Jazz saxophonist John Ellis has lived in New Orleans and New York City. He's been to Singapore, Germany, and seven countries in Africa.
On his new album, he makes reference to the first place that helped shape him as a musician — Cameron.
Ellis, son of the Rev. and Mrs. Stewart Ellis who now make their home in Clemmons, S.C., was born in Cameron and it was there he learned to play several different instruments. Also, he says, Cameron is where he fell in love with making music.
"I remember crying when my mom would try to make me practice," Ellis says. "I did get excited about it once I discovered ragtime, though."
Thanks to that excitement, the 28-year-old Ellis has become one of the nations top Jazz musicians.
He took second place this February at the Thelonious Monk Institute saxophone competition, and BET will televise the competition on June 30.
The album "Roots, Branches and Leaves" makes reference to Ellis' youth and family life in Cameron.
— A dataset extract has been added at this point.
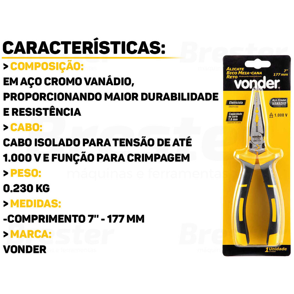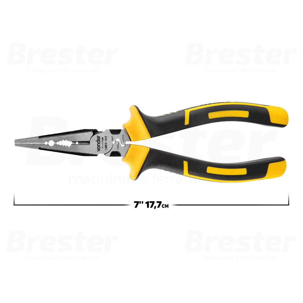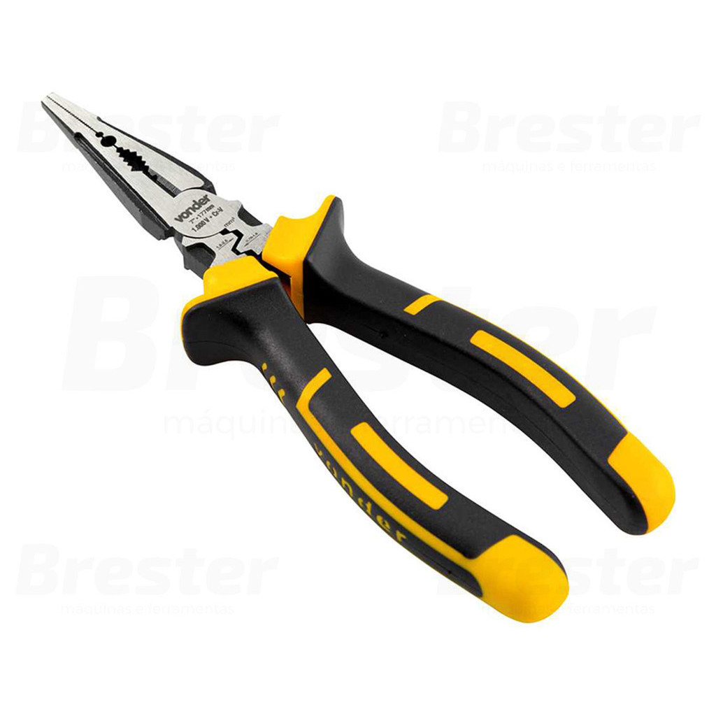 Alicate Bico Meia Cana Reto Cromo Vanádio Com Isolação Até 1000v 7 Polegadas Para Eletricista Vonder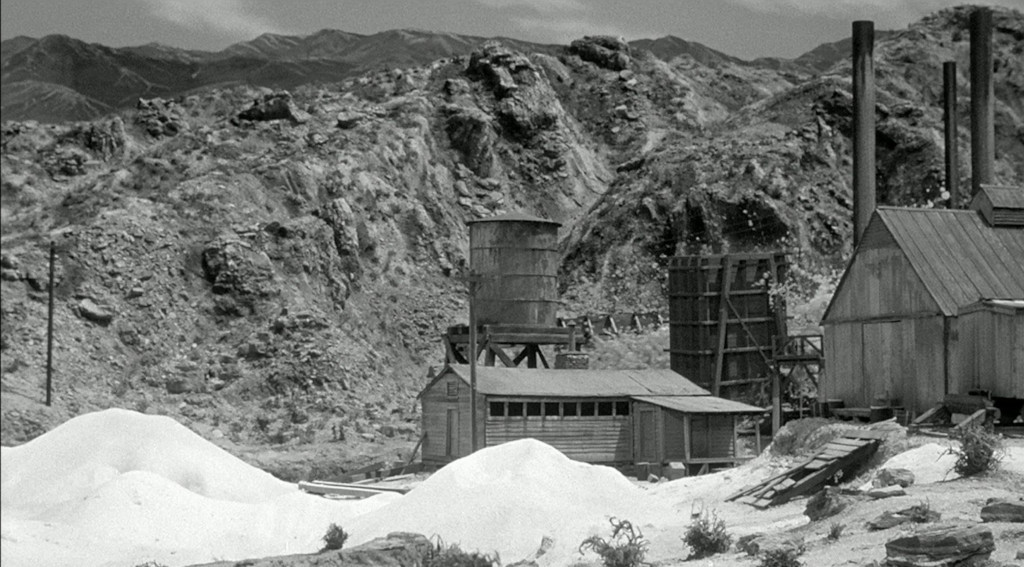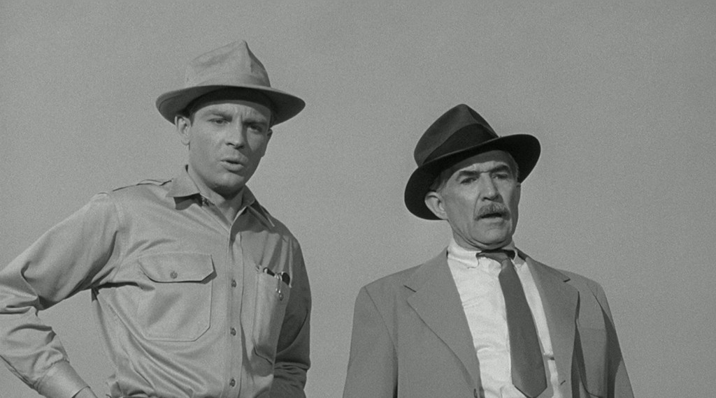 Tom Weaver laments that so much focus is put on the fate of little Ginny, while the world is theatened by the growing rocks. I disagree. The strength of The Monolith Monsters is that the threat is human-size. By focusing on the girl, the film gets an emotional anchor. And really, the movie is not about saving the world, but about saving a town. There’s a paradox about these kinds of movies that the more there is at stake, the less the audience cares. We all know that the Monolith Monsters are not going to destroy the Earth, so we don’t worry about that. But they may very well destroy the town – or kill a girl. That’s something we can invest in. Yes, the film also talks about the what happens if they don’t stop the rocks from growing and that they may threaten the world, but that’s actually unnecesary.

"The main concept of the record is to explore updated arrangements of folk songs that I heard from my family as a child,” Ellis says. “They are basically a part of the oral tradition of the American South, and as they are the first songs that I remember, they are a huge conscious and unconscious part of my musical identity."
His mother, Grace, encouraged him to play piano at about age 5. From there, he says he learned the clarinet at Cameron Elementary. Then, thinking the clarinet to be too feminine, he switched to the oboe.
"I thought it would be cool to play an instrument no one else played," Ellis says.
He started taking lessons from a bassoonist named Nancy Bondurant.
"She helped me to start to take the whole music thing seriously," he says. Once in high school, Ellis says he followed in his artist brother's footsteps went to the North Carolina School of the Arts.
There he convinced them to let him switch to saxophone; something he says is very rare in the conservatory environment.
"I had decided by that point that I really wanted to try to play jazz." Ellis says. "I saw no future in that world with the oboe."
He only began playing saxophone seriously as a junior in high school.
After school, Ellis left North Carolina to live in the epicenter of the jazz world — New Orleans.
He attended the University of New Orleans for a year and spent as much time as possible playing.
"I took a risk and quit school for a while in order to try to get more experience playing professionally,” he says.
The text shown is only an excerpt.